Electric Rays (suborder Torpedinoidei)

These rays are distinguished by having big paired electric organs between the pectoral fins and the head, which they can use to apply powerful electric discharges for defensive purposes or to kill their preys. Electric rays have a smooth and naked skin.

Their head and trunk in conjunction with their pectoral fins, form a circular disc, and their tail is short and robust. Some 20 species are known to inhabit warm seas, and some reach a weight of 200 pounds (90 kg). All other types of rays, which lack electrical organs, usually have rough skin and strong spines.

Let´s meet them

Sawfish (Pristidae Family)

The rays have a snout that modifies on a sort of long sheet that possesses a series of strong teeth on each side. There are about six known species that surround the warm seas, which frequent sandy beaches and estuaries.

Skates Fish (suborder Rajoidei),

Skates fish are round or triangular with elongated noses, in contrast to the typical diamond shape of most rays. They have large pectoral fins that extend to the snout and backward, ending abruptly at the base of a slender tail.

Unlike other rays, skates produce eggs; which are large and oblong shaped with dark shells and leathery with a tendril at each corner, so they are attached to algae or other objects.

The skates lack the long, slender spine that distinguishes the stingrays. The most widespread skates belong to the genus Raja of the family Rajidae.


These marine rays belong to the  Myliobatoidei suborder and are probably the most known marine rays. They are easily identified by their elongated and slender tails with sharp points.  Most stingrays´ tails have poisonous glands, which inject an incredibly painful toxin when they sting.

Fortunately, the Stingrays only sting in self-defense. It is unlikely that a diver will be stung by a stingray unless it feels threatened. These marine rays can also be identified by their characteristic diamond shape and location, since they are often half-buried in the sand looking for food.

Many stingrays spend most of their time at the bottom of the sea; however, some of them like the case of eagle rays  are seen more frequently swimming freely.

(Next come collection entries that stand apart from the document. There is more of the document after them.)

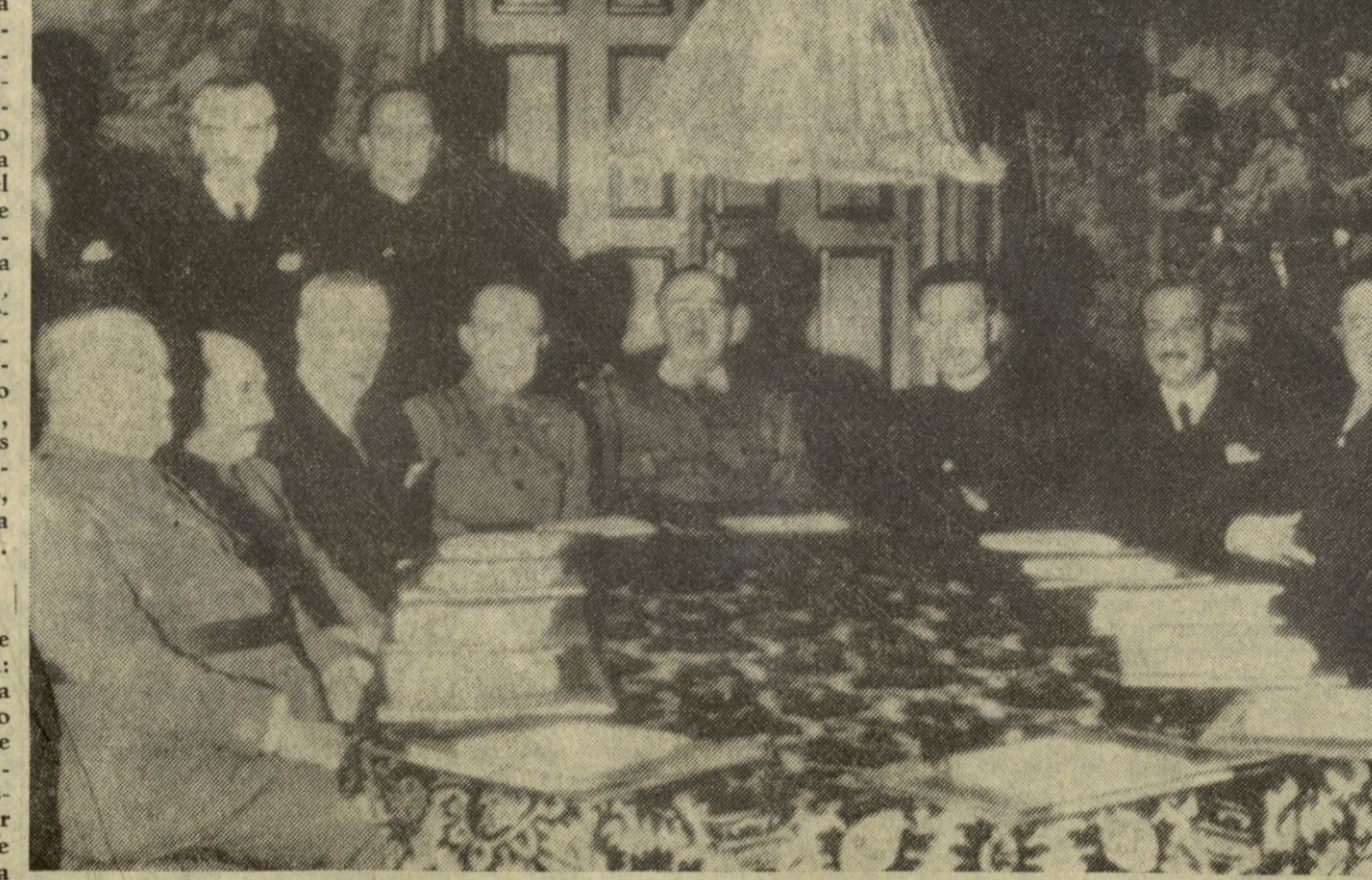
Once ministros formaban el primer Gobierno de Franco que quedó constituido en Burgos, el día 30 de enero de 1938. Eran tres militares, dos técnicos, dos monárquicos alfonsinos, dos neo-falangistas y un tradicionalista. La lista era: Vicepresidente y Asuntos Exteriores: general Gómez Jordana; Justicia: conde de Rodezno; Defensa Nacional: general Dávila; Orden Público: general Martínez Amido; Interior: Ramón Serrano Súñer; Hacienda: Andrés Amado; Industria y Comercio: Juan Antonio Suances; Agricultura: Raimundo Fernández Cuesta; Educación Nacional: Pedro Saiz Rodríguez; Obras Públicas: Alfonso Peña Boeuf; Acción Sindical: Pedro González Bueno

Afirmar la base Estas palabras de entonces, este anuncio político de Franco, decía: «Este es el caso nuestro: afirmar la base para levantar el edificio; pero que éste sea firme e inmovible y, llegado el momento, cuando nadie nos empuje y nada pueda destruir el edificio levantado ni poner en peligro lo que a tanta costa se ha alcanzado, yo traeré a vuestra deliberación las líneas finales de que vosotros elaboréis y la nación decida, sin el menor peligro para lo conquistado con tantos esfuerzos». Para que destacasen las dotes de político y de estadista de Franco, el mundo nos puso difícil la paz de España, ganada a costa de una guerra. (Continúa en la página 4)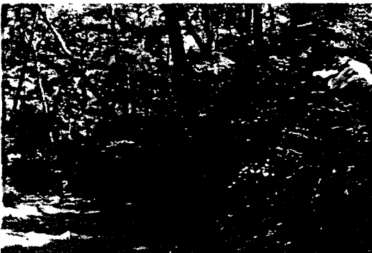
Photo 1. Edge vegetation beside trail of Pinus densiflora forest in Kaya Mountain National Park.

환경유형 V는 홍류동계곡 홍도문뒤쪽의 남사면으로 전진형주연부식생이 발달하고 있었다. 주연부수종으로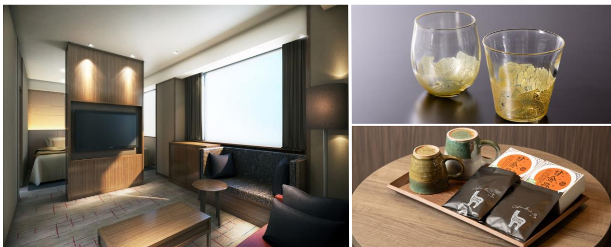
左：プレミアムツイン（※CG パース） 右上：富山ガラス 右下：三助焼き、アルパカコーヒー、甘金丹

最上階（12階）のコンセプトフロア富山は、6～11階までの客室より天井高を30cm高く設定した280cmの開放感あふれる空間となります。また、フロア名称となる富山の観光名所である立山連峰をデザインした絨毯やフロアオリジナルの壁面デザインに加え、眠りのおもてなしとして、フロアオリジナルのシモンズ社製7.5インチのマットレスを設置。その他、富山にちなんだ三助焼きのコーヒーカップ、地産のアルパカコーヒー、銘菓「甘金丹」、立山連峰をデザインした富山ガラスのグラス、和紙の客室備品など、地域とお客様をつなぐホテルヴィスキオ富山ならではのおもてなしを提供します。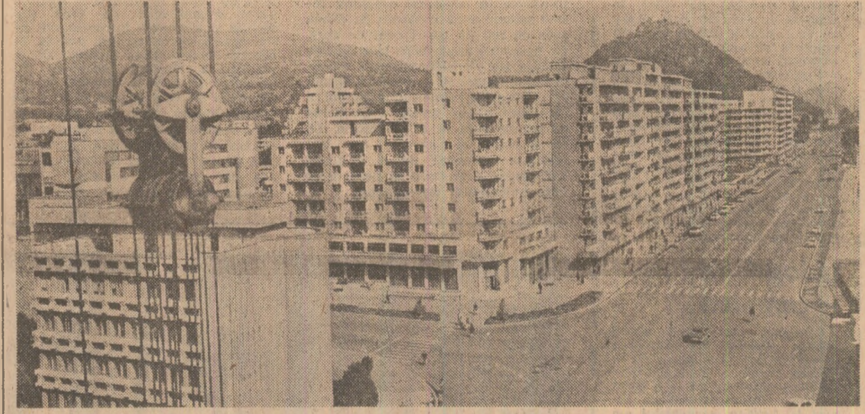
Arhitectură nouă de Devo

Întrevederea s-a desfășurat într-o atmosferă cordială, prietenască.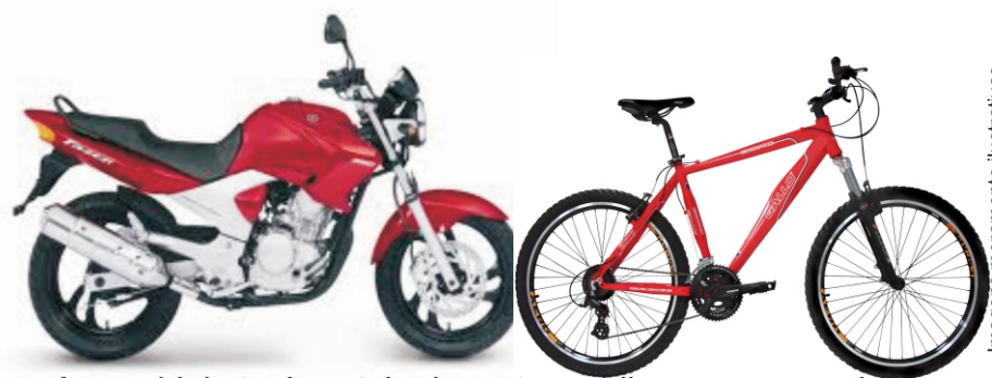
Assembleia terá sorteio de motos e bikes para associados

Ônibus exclusivos para o dia sairão de Anchieta, Guarapari e Aracruz. Não deixe de participar.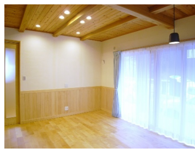
LDK 壁漆喰塗り(カルクウォール) 腰板貼 天井杉板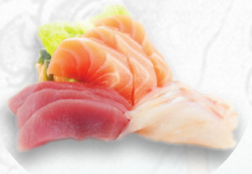
S4. SASHIMI MISTO 6 PZ €5,50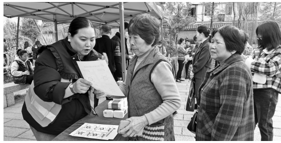
志愿者向村民讲解垃圾分类知识。

昨日,福州市生活垃圾分类工作领导小组办公室通报了10月全市通过“飞行检查”排出的垃圾分类“十佳”“十差”小区名单。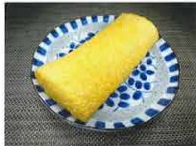
◆出し巻卵 ●1本 354円(税込383円)～ 鰹ダシがたっぷり入った卵焼き。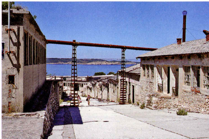
Goli otok je danes muzej. Spominja nas na sramotno preteklost.

napravili samomor. Stari zaporniki so morali pod vodstvom in nadzorom vodij »samouprave« sodelovati v vseh šikaniranjih sojetnikov, sicer so se tudi sami spet spustili na raven bojkotira-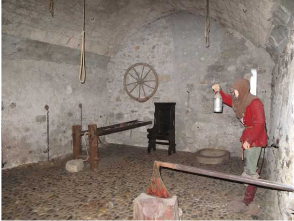
Зал пыток

12 августа 1476 года кантоны Берн и Фрибург заключили соглашение о совместном управлении Грансоном. До XVIII века в крепости сменялись бернские и фрибургские управляющие, пока в XIX веке она не отошла к кантону Во. Некоторое время замок использовался в качестве тюрьмы: Зал правосудия, где проходили допросы, сейчас тоже можно посетить. Еще он называется «Залом пыток», так как здесь выставлены устрашающие орудия, использующиеся для далеко не самых гуманных казней прошлых веков, - «колесо» для пыток и топор.

These rays can be found everywhere in the world, even in freshwater.

Here they are

The remaining rays, like the stingray, comprise the suborder Myliobatoidei and consist of the butterfly rays, (Gymnuridae),  stingarees (Urolophidae), Manta or devil rays  (Mobulidae) and cow nose rays (Rhinopteridae).

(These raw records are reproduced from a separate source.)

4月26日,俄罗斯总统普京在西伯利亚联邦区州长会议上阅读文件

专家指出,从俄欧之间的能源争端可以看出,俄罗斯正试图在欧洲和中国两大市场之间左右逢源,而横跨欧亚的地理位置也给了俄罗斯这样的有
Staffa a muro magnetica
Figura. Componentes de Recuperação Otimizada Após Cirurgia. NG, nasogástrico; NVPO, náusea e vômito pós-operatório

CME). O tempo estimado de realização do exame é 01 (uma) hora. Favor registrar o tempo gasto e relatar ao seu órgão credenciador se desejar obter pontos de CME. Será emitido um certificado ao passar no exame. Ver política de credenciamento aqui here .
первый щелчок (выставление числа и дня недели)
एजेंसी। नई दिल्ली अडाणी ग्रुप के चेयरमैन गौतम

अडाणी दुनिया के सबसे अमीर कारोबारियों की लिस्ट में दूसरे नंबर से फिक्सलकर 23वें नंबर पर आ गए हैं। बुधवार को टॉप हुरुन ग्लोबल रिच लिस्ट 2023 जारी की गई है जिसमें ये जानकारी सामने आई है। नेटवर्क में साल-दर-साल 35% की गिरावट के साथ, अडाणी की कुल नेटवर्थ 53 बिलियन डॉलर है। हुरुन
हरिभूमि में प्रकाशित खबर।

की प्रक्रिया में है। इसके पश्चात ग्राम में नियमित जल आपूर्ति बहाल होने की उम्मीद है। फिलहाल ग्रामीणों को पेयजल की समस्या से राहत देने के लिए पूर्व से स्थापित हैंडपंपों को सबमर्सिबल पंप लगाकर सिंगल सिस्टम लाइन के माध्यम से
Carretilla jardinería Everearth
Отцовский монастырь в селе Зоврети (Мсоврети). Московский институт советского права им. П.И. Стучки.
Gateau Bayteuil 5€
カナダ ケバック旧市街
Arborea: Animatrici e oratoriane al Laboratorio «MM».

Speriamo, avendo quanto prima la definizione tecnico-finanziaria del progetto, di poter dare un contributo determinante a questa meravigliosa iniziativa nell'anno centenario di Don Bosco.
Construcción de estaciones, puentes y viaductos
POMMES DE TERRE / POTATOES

The common characteristic of the rays of all these families is their long, slender whip-shaped tail, which usually has a spiked spine connected to a poisonous gland.

This spine is capable of causing serious wounds and is a dangerous weapon when the tails are tied. Almost all these rays are inhabitants of warm seas, with the exception of some species of rays that live in the rivers of South America.

The Marine Rays’ Evolution

Their fossil record dates back to the early Jurassic 150 million years ago. All major taxa are known for the Upper Cretaceous until the Paleocene. Most of the first fossils come from North Africa and southern Europe, areas that at the end of the Mesozoic and the early Cenozoic formed part of the Thetis Sea, (a shallow tropical sea that separates the continents from the north and south during this period)

Although the fossil record covers more than 150 million years, the record is very incomplete, due to the shortage of parts of hard bodies of marine rays. Unlike bony fish, sea rays lack large external and internal bony structures that are easily fossilized. In many cases, fossils are represented only by enlarged teeth or scales.

The teeth and scales serve to identify fossils as marine rays, but provide little information about body structure or phylogenetic relationships. Recent molecular data provide support for the traditional relationship of marine rays as a sibling group of sharks. If molecular data are correct, they suggest that sharks and rays shared a common ancestor.